**What you will do**
Wherever a picture sits, omit it. Output the rest of the listing exactly.

**Supplied material**

»»

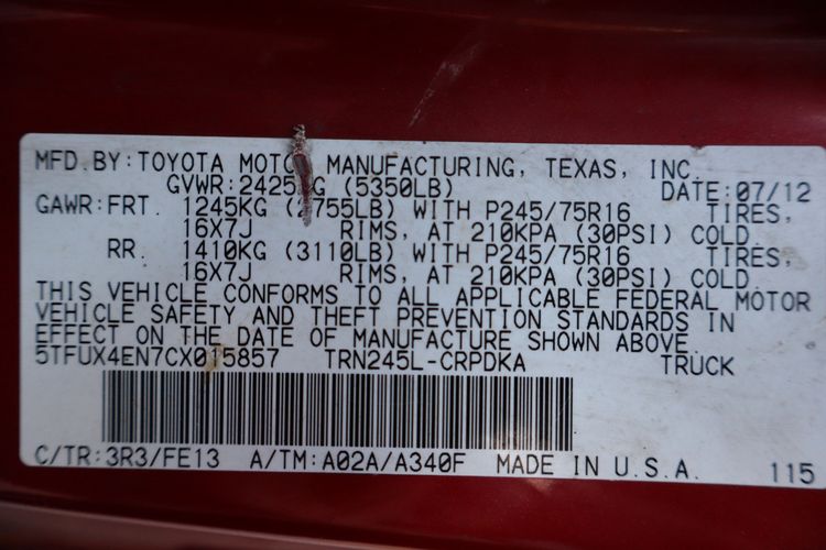 The 2012 Toyota Tacoma Extended Cab 4WD with the 2.7L I4 engine is a versatile midsize pickup that blends reliability, practicality, and off-road capability. Known for its long-lasting dependability, the Tacoma offers solid performance with its efficient four-cylinder engine, making it a great option for those who want a durable truck with respectable fuel economy compared to larger V6 or V8 options. The Extended Cab design provides extra interior space, allowing room for additional passengers or secure storage behind the front seats. With 4WD, this Tacoma is ready to tackle challenging terrain, whether it’s dirt roads, snow, or light off-roading, while still delivering a smooth ride on pavement. The bed is well-sized for hauling gear, tools, or recreational equipment, making it practical for both work and weekend adventures. Inside, it offers straightforward controls and Toyota’s reputation for quality craftsmanship. The 2012 Tacoma remains a smart choice for buyers seeking a smaller truck that balances utility, durability, and everyday usability.
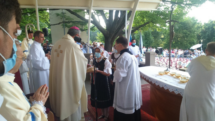 Ezt követi a magyar szentmise, amelyet idén Orosch János nagyszombati érsek mutatott be oltártestvéreivel együtt. A kegytemplom zsúfolásig telve volt a vidékről és távolabbról is érkező zarándokokkal. Voltak, akik a Mária Út zarándokaiként, hagyományosan gyalog zarándokoltak a hegyeken keresztül. Sok kisgyermekes család érkezett. A főpásztor ezt megragadva többek között arra buzdított, hogy ne adjuk fel a hitet és hűen ragaszkodjunk a Szűzanyához: „Sokan közületek kisgyermekkorotok óta hitben különféle búcsújárásokban vesztek részt, és bizonyára szívből teszitek ezt mindmáig, mert megtapasztaltátok a Boldogasszony jóságát, anyai oltalmát. Kérlek benneteket, ezt a tiszteletet, gyermeki ragaszkodásotokat, adjátok át a családjaitokban a következő generációknak is. Mert ahogy Mária Jézushoz vezette elődeinket, úgy minket is Szent Fiához akar vezetni. Szeressük őt, ragaszkodjunk hozzá, őrizzük meg hitünket, ne adjuk fel hagyományainkat, tartsuk meg ami keresztény és magyar!”
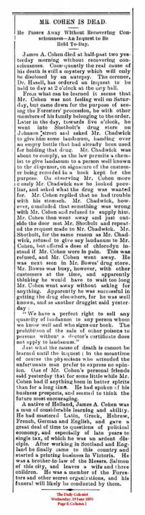 Death: June 18, 1895 in Victoria, B.C.

««

**Exercise answer**
 The 2012 Toyota Tacoma Extended Cab 4WD with the 2.7L I4 engine is a versatile midsize pickup that blends reliability, practicality, and off-road capability. Known for its long-lasting dependability, the Tacoma offers solid performance with its efficient four-cylinder engine, making it a great option for those who want a durable truck with respectable fuel economy compared to larger V6 or V8 options. The Extended Cab design provides extra interior space, allowing room for additional passengers or secure storage behind the front seats. With 4WD, this Tacoma is ready to tackle challenging terrain, whether it’s dirt roads, snow, or light off-roading, while still delivering a smooth ride on pavement. The bed is well-sized for hauling gear, tools, or recreational equipment, making it practical for both work and weekend adventures. Inside, it offers straightforward controls and Toyota’s reputation for quality craftsmanship. The 2012 Tacoma remains a smart choice for buyers seeking a smaller truck that balances utility, durability, and everyday usability.
 Ezt követi a magyar szentmise, amelyet idén Orosch János nagyszombati érsek mutatott be oltártestvéreivel együtt. A kegytemplom zsúfolásig telve volt a vidékről és távolabbról is érkező zarándokokkal. Voltak, akik a Mária Út zarándokaiként, hagyományosan gyalog zarándokoltak a hegyeken keresztül. Sok kisgyermekes család érkezett. A főpásztor ezt megragadva többek között arra buzdított, hogy ne adjuk fel a hitet és hűen ragaszkodjunk a Szűzanyához: „Sokan közületek kisgyermekkorotok óta hitben különféle búcsújárásokban vesztek részt, és bizonyára szívből teszitek ezt mindmáig, mert megtapasztaltátok a Boldogasszony jóságát, anyai oltalmát. Kérlek benneteket, ezt a tiszteletet, gyermeki ragaszkodásotokat, adjátok át a családjaitokban a következő generációknak is. Mert ahogy Mária Jézushoz vezette elődeinket, úgy minket is Szent Fiához akar vezetni. Szeressük őt, ragaszkodjunk hozzá, őrizzük meg hitünket, ne adjuk fel hagyományainkat, tartsuk meg ami keresztény és magyar!”
 Death: June 18, 1895 in Victoria, B.C.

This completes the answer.